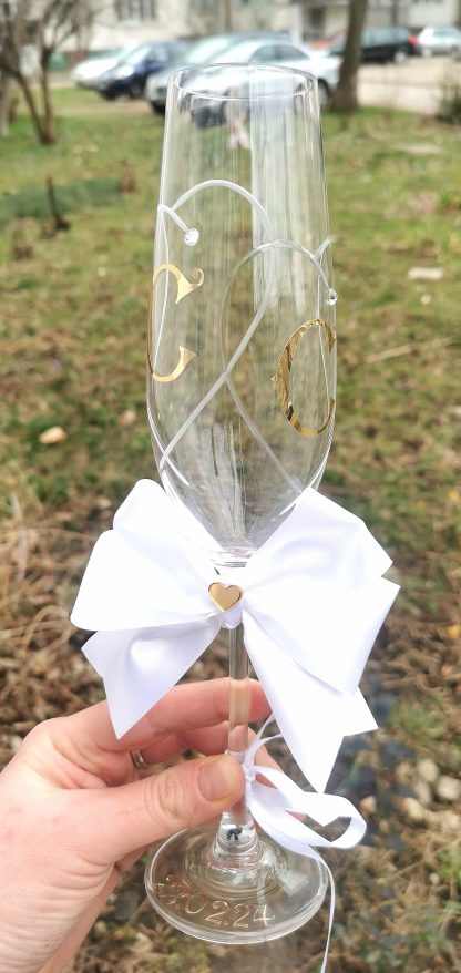 Шампанско и чаши за една специална двойка. Нека в живота Ви винаги има много поводи за наздравици и парад от безкрайни усмивки. Този кокетен комплект е създаден за един специален ден. Вашият ден! Чудесен завършек на празничната маса. Изненадайте младоженците с нещо красиво и създадено с финес. Може да се изработи по ваша идея. За най-специалните моменти, декорирано с любов.
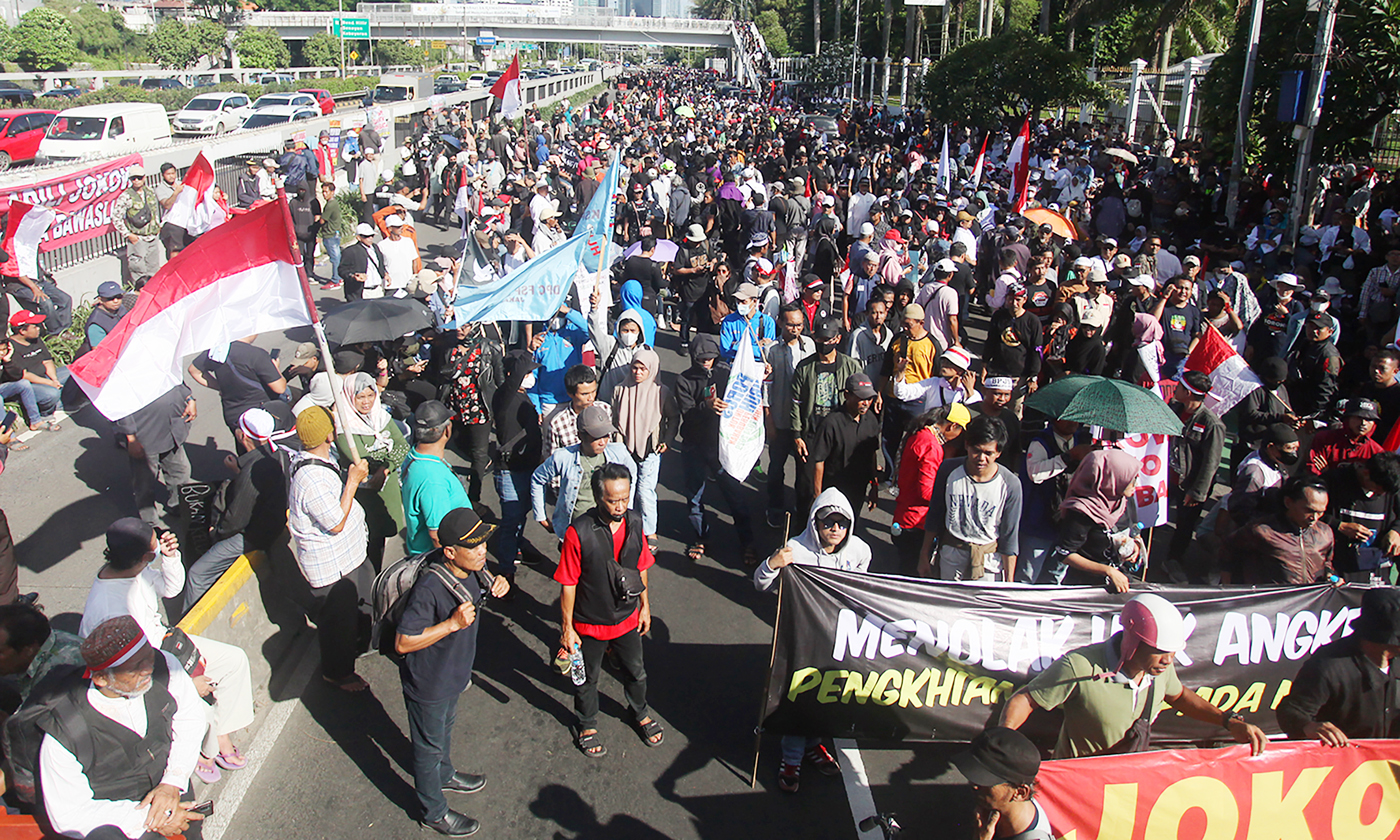 Pengunjuk berdemonstrasi menyampaikan aspirasinya di depan Gedung DPR, Senayan, Jakarta, Selasa (19/3/2024).
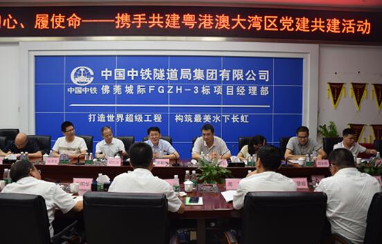 7月18日下午,糖心vlog 建筑业管理处党支部与中铁隧道局华南指挥部党工委在中铁隧道局佛莞城际3标项目部开展以“守初心、担使命--携手共建粤港澳大湾区”为主题的支部党建共建活动,李朝晖副局长以普通党员的身份参加此次活动。
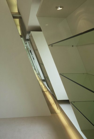 In der gleichen Höhe wie die Bank im Wohnraum schwebt konsequenter Weise die in Stein eingelassene Wanne im Badezimmer oder ein Ladenschrank im Schlafzimmer. Trennwände und raumhohe Türen sind fein säuberlich durch Schattenfugen oder vertikale Spiegelstreifen abgesetzt, und scheinen im Raum zu schweben. Integrierte Leuchtstoffröhren als allgemeine Raumbeleuchtung bilden warm getönte Lichtlinien, die den Schwebeeffekt unterstützen und zusätzlich dynamisierend wirken.
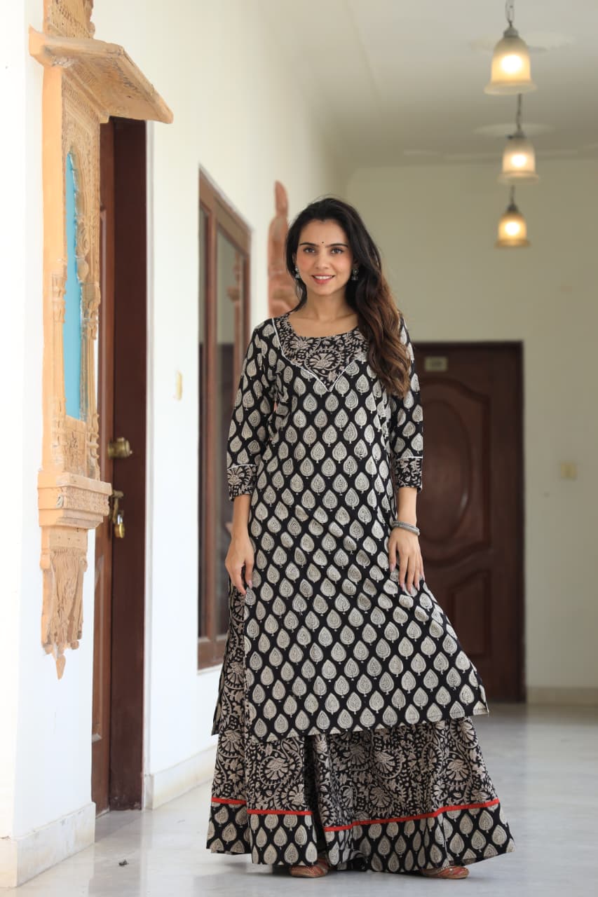 Elevate your ethnic wardrobe with this exquisite hand block printed cotton kurta and skirt set. Crafted with precision and care, this ensemble features intricate beige leaf motifs adorning the black kurta and a mix of floral patterns on the floor-length skirt. The kurta boasts detailed embroidery around the neckline and side slits for ease of movement, while the flared skirt is accentuated with a contrasting red border. Experience the beauty of traditional Indian craftsmanship with this premium outfit.
______
> _EXERCISE REQUIREMENTS_:
Before answering, find the line with "In der gleichen" in the records above; then reproduce exactly each line from the first through that line, leaving out pictures.

> _WORKED SOLUTION_:
 Шампанско и чаши за една специална двойка. Нека в живота Ви винаги има много поводи за наздравици и парад от безкрайни усмивки. Този кокетен комплект е създаден за един специален ден. Вашият ден! Чудесен завършек на празничната маса. Изненадайте младоженците с нещо красиво и създадено с финес. Може да се изработи по ваша идея. За най-специалните моменти, декорирано с любов.
 Pengunjuk berdemonstrasi menyampaikan aspirasinya di depan Gedung DPR, Senayan, Jakarta, Selasa (19/3/2024).
 7月18日下午,糖心vlog 建筑业管理处党支部与中铁隧道局华南指挥部党工委在中铁隧道局佛莞城际3标项目部开展以“守初心、担使命--携手共建粤港澳大湾区”为主题的支部党建共建活动,李朝晖副局长以普通党员的身份参加此次活动。
 In der gleichen Höhe wie die Bank im Wohnraum schwebt konsequenter Weise die in Stein eingelassene Wanne im Badezimmer oder ein Ladenschrank im Schlafzimmer. Trennwände und raumhohe Türen sind fein säuberlich durch Schattenfugen oder vertikale Spiegelstreifen abgesetzt, und scheinen im Raum zu schweben. Integrierte Leuchtstoffröhren als allgemeine Raumbeleuchtung bilden warm getönte Lichtlinien, die den Schwebeeffekt unterstützen und zusätzlich dynamisierend wirken.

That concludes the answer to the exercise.